Over the last few years there has been an increased commodification of third party tools for all parts of the ML lifecycle, including arguably most critically, model serving. Examples of these tools include Google’s Vertex AI, Amazon’s Sagemaker, Microsoft’s Azure, DataRobot, Seldon.io and many others. Because of ubiquity and commodification of serving and ML lifecycle tooling, it’s becoming increasingly less attractive for large companies to maintain their own end-to-end systems. Data Scientists require ever-green ML infrastructure that is always ready to serve models that feature the newest and fanciest of ML capabilities. Data Scientists don’t have time for infrastructure to take 1-3 years to catch up to their use cases.

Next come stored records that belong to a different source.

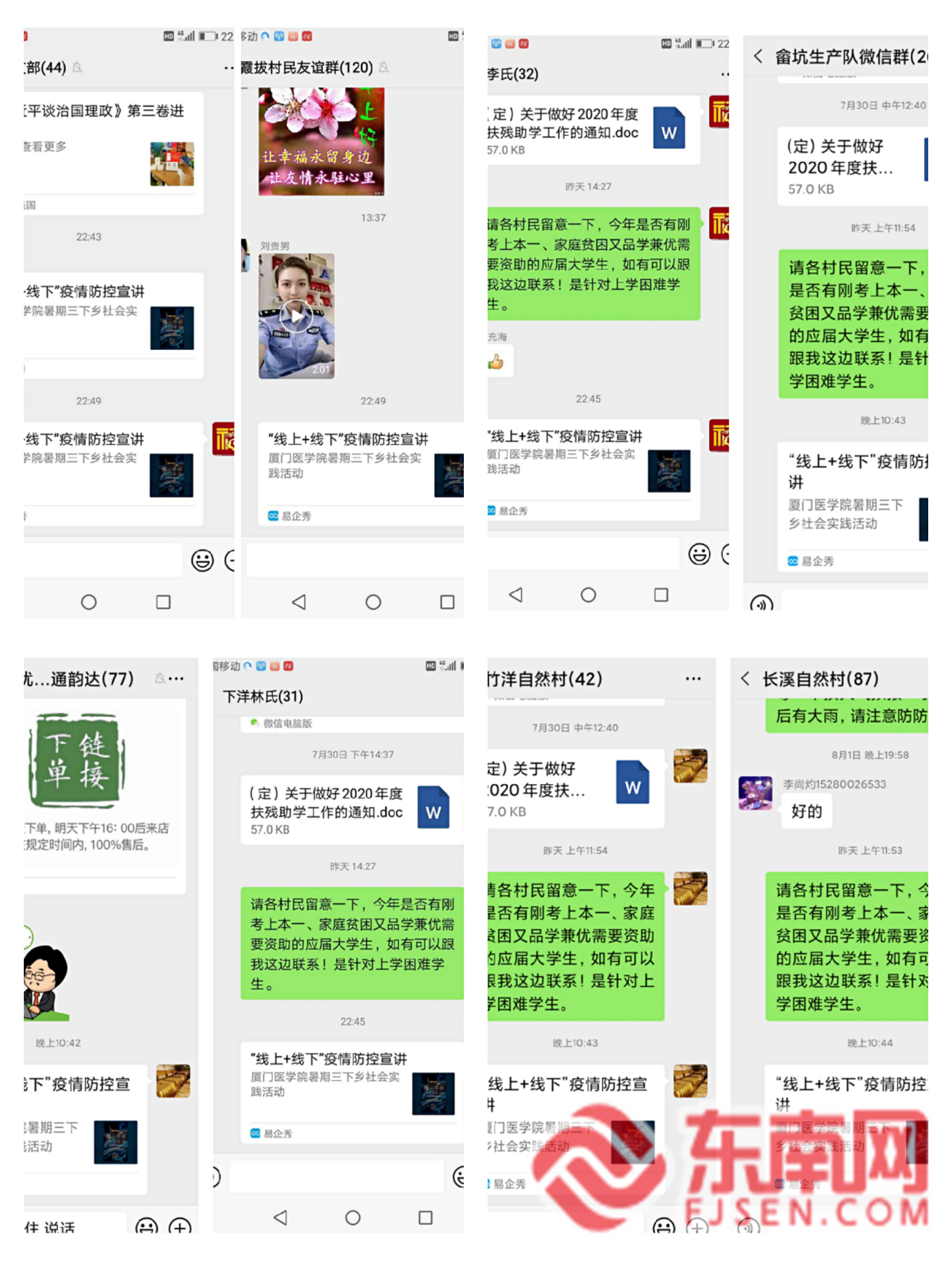 图1微信群宣传截图 Day1—厦医学子实地宣讲助抗疫 8月8日上午十点,实践队抵达了环境优美,空气清新,民风淳朴的霞拔乡霞拔村,在与当地卫生院负责人取得联系之后,卫生院热情地接待了实践队,表示会积极配合实践队的工作,并提供了宣讲所需的易拉宝、桌椅、疫情防控宣传手册,于卫生院附近设点宣讲。在实践队前期布置点位之时,附近热情的村民们就积极地向我们提供帮助,告知各自的亲朋好友前来参与本次防控宣讲活动,为实践队开展接下来的活动打下良好基础。 宣讲过程中,队员们采用亲和的语气,通俗易懂的词汇向村民们介绍本次新冠肺炎疫情的范围性、致病性、严重性,包括什么是冠状病毒、如何预防新冠病毒感染、如何正确佩戴口罩等常见的问题,并介绍了此次疫情的抗疫英雄个人事迹,例如钟南山院士、李兰娟院士、张文宏主任等。在此过程中,实践队与村民们积极互动,耐心解决村民们的困惑,通过张贴的海报也让村民们补充了解了更详细的疫情防控知识,以此来进一步提高他们对疫情防控的认识。 在宣讲结束之际,实践队为村民们每人分发了疫情防控手册以及免费的口罩,当天的活动受到村民们的高度赞扬和好评。同时,实践队告知了第二天的义诊时间和地点,村民 们纷纷表示会积极参与。
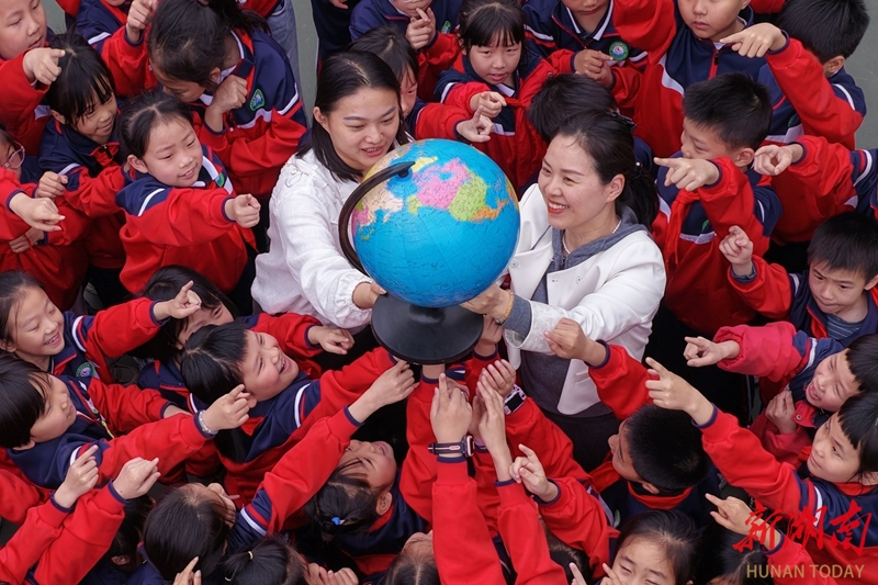 4月21日,嘉禾县城关中心学校,老师向学生讲解有关地球的知识。第57个世界地球日来临之际,该县多所学校开展“珍爱自然资源•守护美丽中国”主题教育活动,通过普及地球知识,引导学生从小树立珍爱地球、保护环境、节约资源的意识。黄春涛 黄莉 摄影报道(湖南图片库)
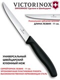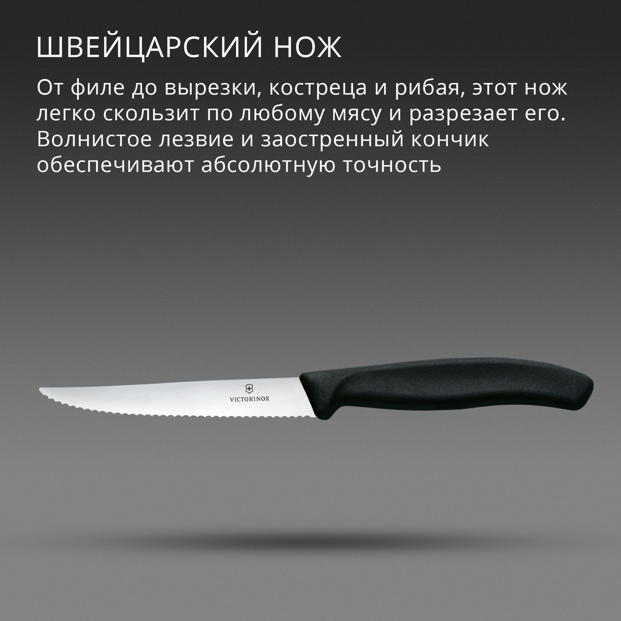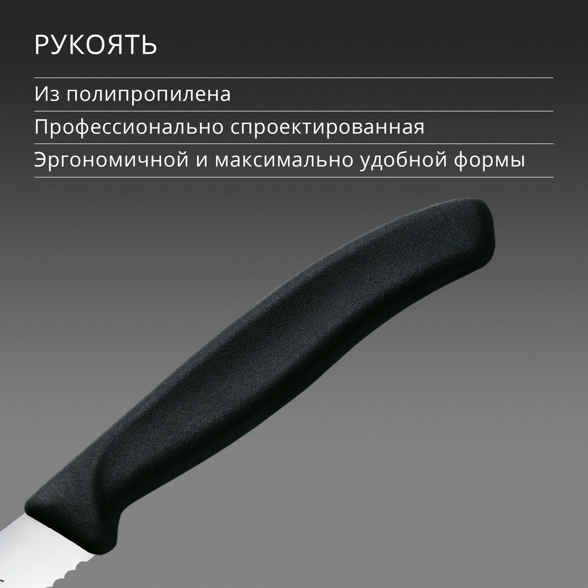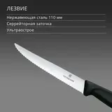 Отличный универсальный нож для кухни. Эргономичная пластиковая рукоять, лезвие 11 см из высококачественной нержавеющей стали, волнообразная (серрейторная) заточка, острый кончик. Идеально подходит для нарезки стейка, колбасы, сосисок, пиццы, небольших кусков мяса, овощей и фруктов. Благодаря уникальной серрейторной заточке, сверхострое лезвие режет без усилий и сохраняет остроту на долгие годы.
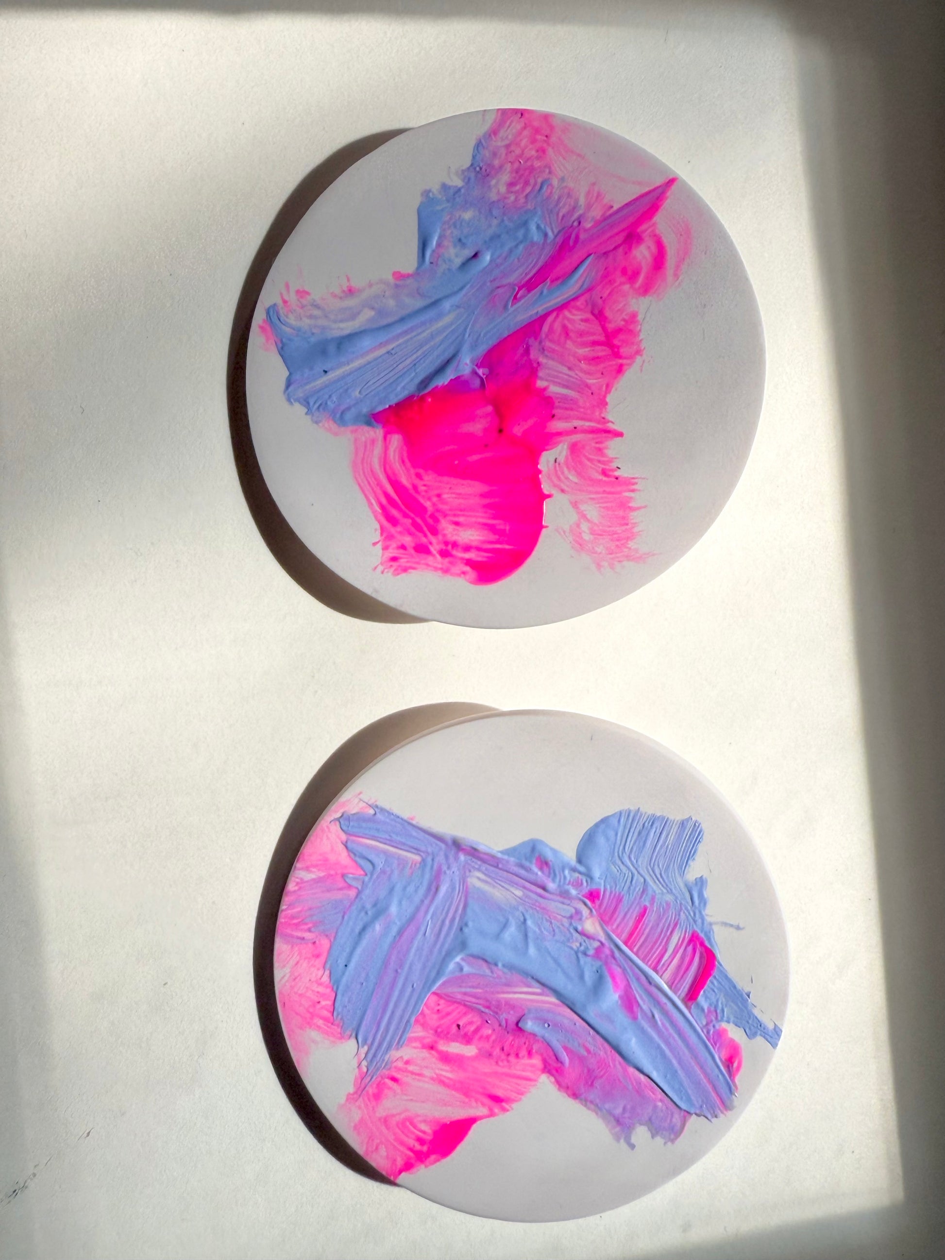 Art that doesn’t just hang on walls - it moves with you. From canvas to clay, abstract art is distilled into miniature form. Each stud is sculpted in clay, painted with instinct, and finished with a sealed varnish. Gestural strokes are frozen in time - hand-painted, one-of-a-kind, and designed to be worn as daily statements. Abstract expressionism, reimagined in jewellery form.

Keeping inhouse ML infrastructure up to date can require tens to hundreds of engineers.
As a result, Square’s Machine Learning Platform is increasingly embracing a “buy over build” philosophy which fits our needs for several reasons. First, when it comes to software it’s important to not reinvent the wheel (as specialists can do it better!). Square is a payments and financial services company, not a model monitoring company. It would be naive of us to assume that we can produce state of the art ML lifecycle software better than a company that specializes in that field and given the recent explosion of strong solutions, there is no lack of capable third party tools. Second, Square’s MLP aims to embrace the philosophy of no weirdware which is best ensured by buying well-built software instead of building custom code that is unusual or difficult to define. Next, _engineering maintenance is real. _It is often colloquially said that for every hour spent building the software, 10 hours will be required to maintain it. While the actual build to maintenance ratio may differ, engineering maintenance is a considerable cost that one should not overlook. By buying software we can heavily reduce our maintenance burden to just the code required to integrate with the third party software.
MLOps is a new field that expands the field of vision from just feature stores and serving solutions to include more advanced ML lifecycle capabilities such as versioning, run tracking, AB experimentation and monitoring. MLOps aims to apply standard engineering CI/CD principles to the ML engineering infrastructure space. The emergence of MLOps as a discipline demonstrates a maturation of the Machine Learning space as we are able to functionality beyond just serving. Companies who don’t provide support for MLOps functionality risk decreased model development and iteration efficiency among their data scientists, leading to sub par models deployed in production which can significantly hurt a company's bottom line. MLOps is a trendy field for a reason; it provides a roadmap for the next generation of engineering advancements that can further optimize the ML lifecycle and subsequently ML models themselves. With strong MLOps functionality, companies can expect to maximize the learnings and predictive capabilities of their models, enabling them to “squeeze the most juice” from their data.